* DATASET EXTRACT *
──────────

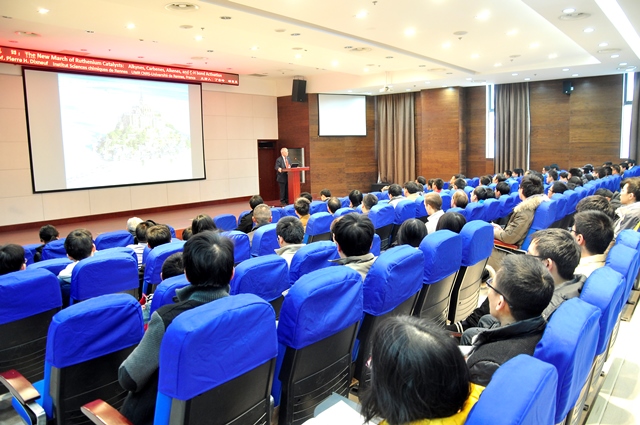 1月23日上午,应上海有机所邀请,法国雷恩大学教授Pierre H. Dixneuf在领取2014年中国化学会 “中法化学讲座奖”荣誉证书后访问有机所,并为全所师生作了题为The New March of Ruthenium Catalysts: Alkynes, Carbenes, Alkenes, and C-H bond Activation的学术报告。报告由丁奎岭所长主持。
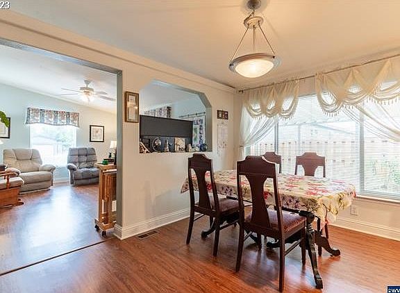 Charming 3 bed, 2 bath manufactured home in a desirable neighborhood! This lovely property features an open concept layout, perfect for modern living. The spacious kitchen flows seamlessly into the living area, creating an inviting atmosphere. With plenty of parking space available, convenience is at your doorstep. The fenced back yard provides privacy and a nice spot for outdoor activities. Laminate flooring throughout adds a touch of elegance to this beautiful home. Don't miss this fantastic opportunity!
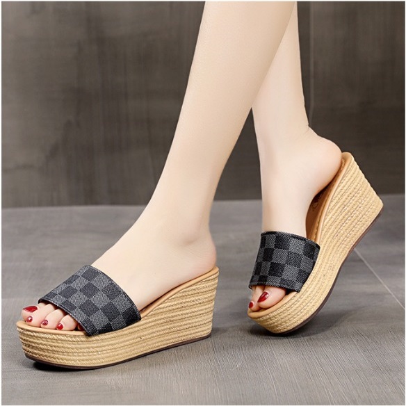 Tartan Plaid Wedges Thick Heels
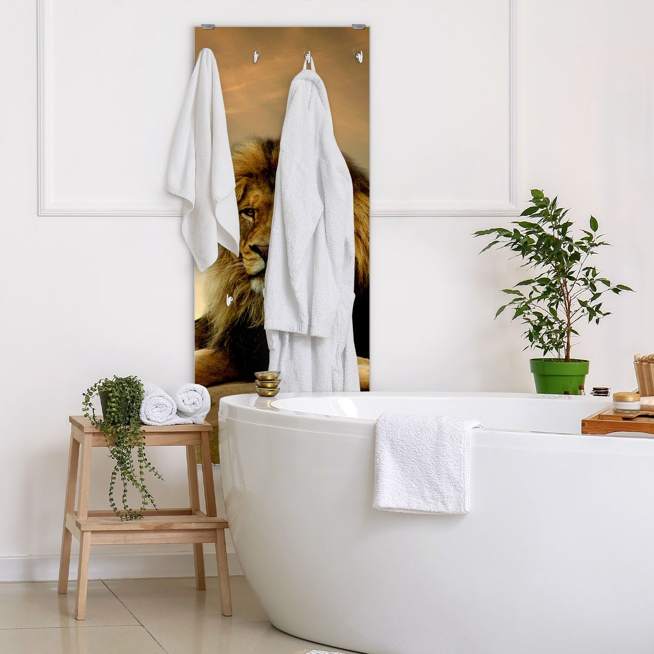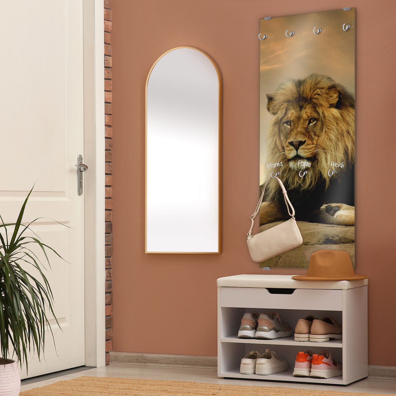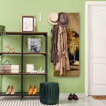 FUNKTION: Die banjado Wandgarderobe mit Motiv Adrian ist Ihr täglicher Begleiter. Zuverlässig hängen hier Ihre Jacken und Mäntel griffbereit. Das Echtglas ist Ihr Paneel auch beschreibbar und wieder abwischbar. DESIGN: Sie erhalten eine Garderobenleiste aus elegantem Echtglas mit dem Farbbrillanten Motiv Adrian hinterklebt. Das Design ist zeitlos klassisch, ohne dabei auf Funktionalität zu verzichten. Suchen Sie aus einer Vielzahl von Motiven das für Ihre Einrichtung Passende aus. DETAILS: Die Flurgarderobe besteht aus 4mm gehärtetem Sicherheitsglas. Sie ist 50cm breit, 125cm hoch und 6cm tief. Die Garderobenhaken zur Selbstmontage präsentieren sich in Edelstahl-Optik, ebenso die Abstandshalter für die Wandmontage. Ihre neue Garderobe ist sofort einsatzbereit. NUTZEN: Ihre neue Garderobe hält nicht nur zuverlässig Ihre Kleidung, sie ist auch optisch ein Blickfang. Durch das Glas können Sie an der Garderobe mit wasserlöslichen Kreidestiften oder Whiteboard-Markern auch Nachrichten hinterlassen. BANJADO: Wir sind ein kleines kreatives Team aus Sachsen und entwickeln Produkte die Design und Funktionalität verbinden sollen. Viel Freude mit Ihrer neuen Garderobe wünscht das banjado-Team!

──────────

* TASK DESCRIPTION *
Please reproduce the listing exactly from its opening line through the line that contains "Tartan Plaid Wedges Thick Heels", both included, with all pictures omitted.

* RESPONSE *
 1月23日上午,应上海有机所邀请,法国雷恩大学教授Pierre H. Dixneuf在领取2014年中国化学会 “中法化学讲座奖”荣誉证书后访问有机所,并为全所师生作了题为The New March of Ruthenium Catalysts: Alkynes, Carbenes, Alkenes, and C-H bond Activation的学术报告。报告由丁奎岭所长主持。
 Charming 3 bed, 2 bath manufactured home in a desirable neighborhood! This lovely property features an open concept layout, perfect for modern living. The spacious kitchen flows seamlessly into the living area, creating an inviting atmosphere. With plenty of parking space available, convenience is at your doorstep. The fenced back yard provides privacy and a nice spot for outdoor activities. Laminate flooring throughout adds a touch of elegance to this beautiful home. Don't miss this fantastic opportunity!
 Tartan Plaid Wedges Thick Heels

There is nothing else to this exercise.